The Highwayman: A Longmire Story

“Stay away from her, damn it!”


He stayed like that for a couple of seconds, his profile burnished by the cruiser’s interior lights, and then turned to look directly at me. It was the same face I’d seen in the photographs, only harder. I couldn’t make out his eyes but was rapidly getting the feeling that I’d gotten the attention of something I might not live to regret.

“Bobby Womack.”

He stared at me.

“You can’t have her.”

With one last glance at Rosey, he trailed a gloved hand over the sill of the open door of the cruiser and stepped out to stare at me. His head canted and, dragging one boot, he began to move.

“Go away.” I automatically tried to reach to my side, but even if my hands would have worked, I remembered I’d disarmed myself before the jump.

In a couple of halting steps, he was standing over me. I tried to back away on my elbows, but he kept up and knelt down, bringing his face in close to mine.

The eyes were black, no white at all, just twin tunnels leading nowhere. He crouched there, just as he had on the road, and began working the glove from his fingers a tug at a time.

“What do you want?”

He paused for the shortest of moments and finally freed his hand. He held it to his face and blew into it just as Rosey had when she’d gotten back in the cruiser earlier tonight, but his breath was like a blast furnace.

Casually, he turned his palm and started reaching for my face.

I tried to draw back, but with no energy to defend myself, I flopped to the side and just lay there looking up at him.

He was about to reach out again when one of the Morgan silver dollars fell out of my shirt pocket and dropped onto the surface of the road. It rolled forward, circled once, and then, glinting between us, fell over flat with a metallic sound.

He stared at the coin with ebony eyes and then, extending a forefinger, he placed it on the coin, whereupon the surrounding asphalt began smoking with the stench of burning oil and tar. The coin glowed red and slowly sank into the pavement, and I’m sure it would’ve gone all the way to hell if he hadn’t lifted the tip of his finger, blowing on it like the barrel of a fired pistol.

He glanced at Henry and Rosey. My eyes followed his, and I could see the Bear had her on her side as she retched the river water from her body.

When I turned back, his face was close, and I could feel the heat waves emanating from him.

He stayed like that for a few seconds, and then I became aware of his lips moving. The words were faint but powerful, like the canyon wind, and a smile traced itself to the corners of his eight-ball eyes. “Unit 3, 10-78, officer needs assistance.”

I narrowed my eyes at him and tried to sit up but wavered a little, not wanting to get too close. “What officer needs assistance?” I scrubbed my hands over my face, but when I started to ask again, he was gone. Nudging an elbow beneath me, I sidled up and caught sight of the silver dollar that had fallen from my pocket.
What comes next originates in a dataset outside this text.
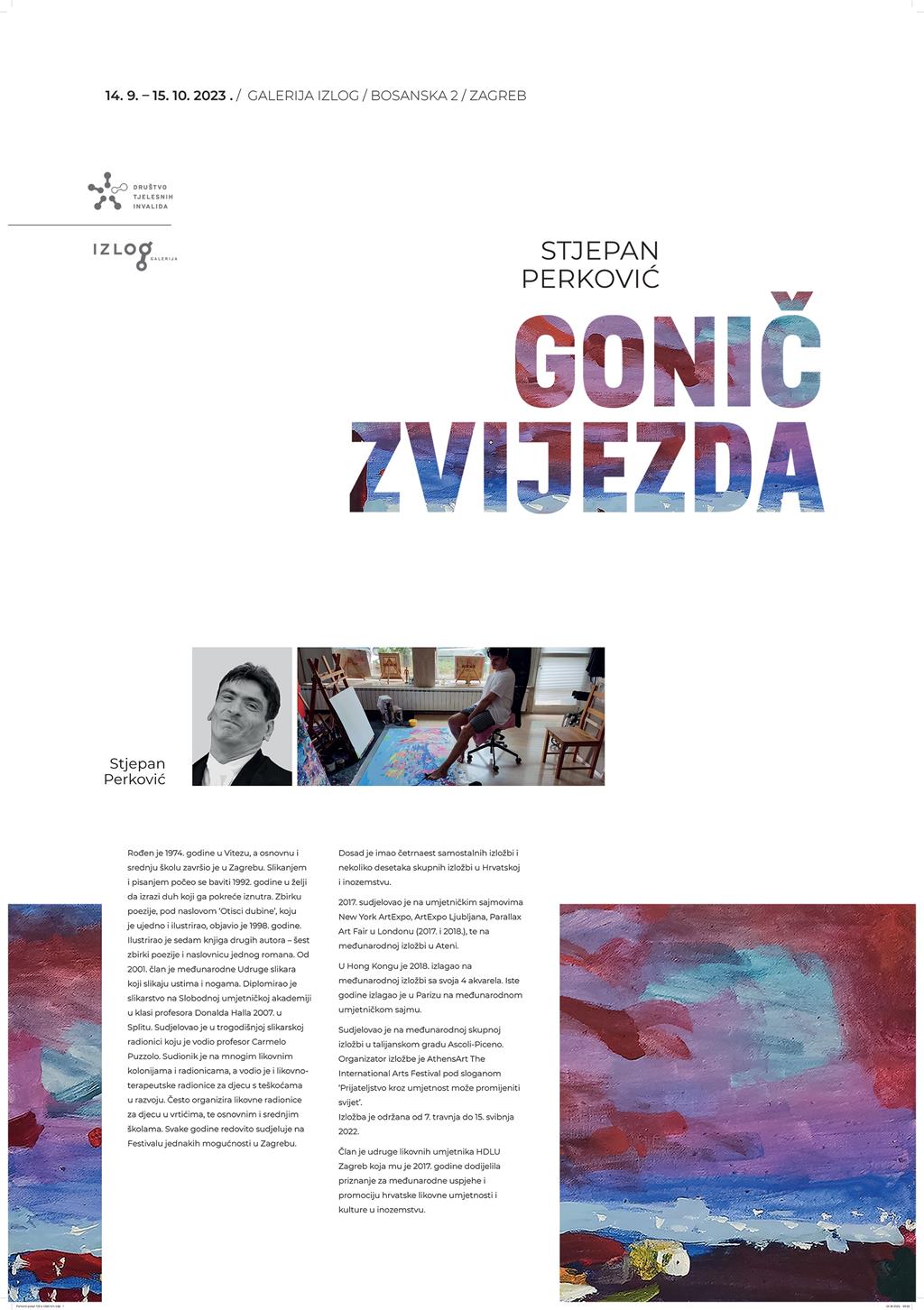 Izložba likovnog umjetnika Stjepana Perkovića 'Gonič zvijezda' otvara se u četvrtak 14. rujna u 18 sati u Galeriji Izlog u Zagrebu.

It was resting on the surface of the pavement—not seared into the melted asphalt, no burns, nothing.

Static. “Unit 3, 10-78, officer needs assistance.”
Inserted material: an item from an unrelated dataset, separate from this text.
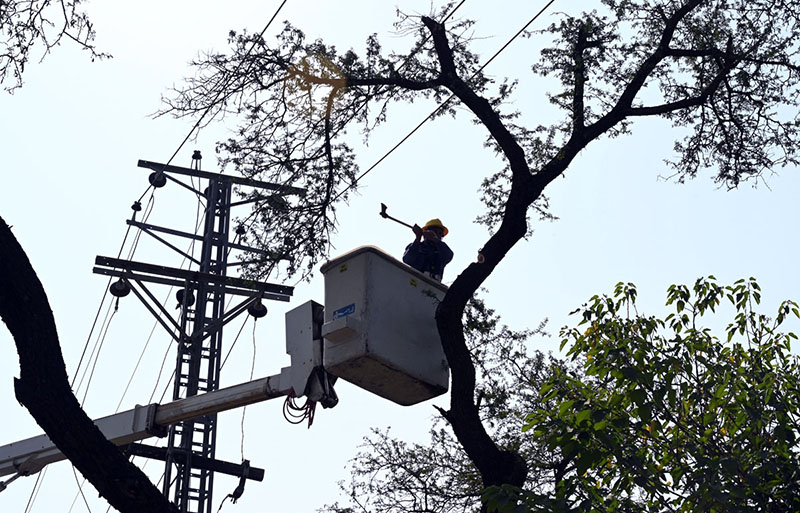 A CDA staffer cutting tree branches while standing on a crane in the Federal Capital

I looked around for him again, but he wasn’t there, just Henry holding Rosey up against his chest as she sobbed, the two of them looking into the cruiser, where the same voice that had just haunted me came from the radio, loud and clear.

Static. “Unit 3, 10-78, officer needs assistance.”





8




I stared at the hands on my pocket watch. “The time was wrong in her cruiser—they never adjusted it after they jumped it, and that’s why the clock was an hour slow.”

“That is not the point.”

I sat there, still trying to get warm after a shower and clean, dry clothes. “No, I suppose it isn’t.”

“You heard it, the same as I did.”

Hot Springs County Memorial Hospital was a lot like the hospital back in Durant, especially the mauve waiting room with the mauve walls, mauve carpet, mauve drapes, and off-mauve furniture.

“It was exactly one hour late.”

Leaning back on the mauve sofa, he attempted to get me to answer. “You are not addressing the question.”

“Bear with me for a moment.” I sat forward in my chair with the thankfully not-mauve blanket still wrapped around me, resting my elbows on my knees. “That means that the electrics on the cruiser went out exactly one hour before the service guy got there.”

“Yes.”

“Exactly sixty minutes to the second. Doesn’t that strike you as odd?”

He laughed a gruff bark. “Yes, in the sea of odd that does strike me as a strange wave.”

I gave him a dirty look, but it didn’t appear to have any effect. “Yep, I heard it.” He circled the sofa and sat facing me, willing to engage in conversation now that I had answered the question. “Does the fact that I was half drowned, delirious, and occasionally unconscious limit my credibility in this?”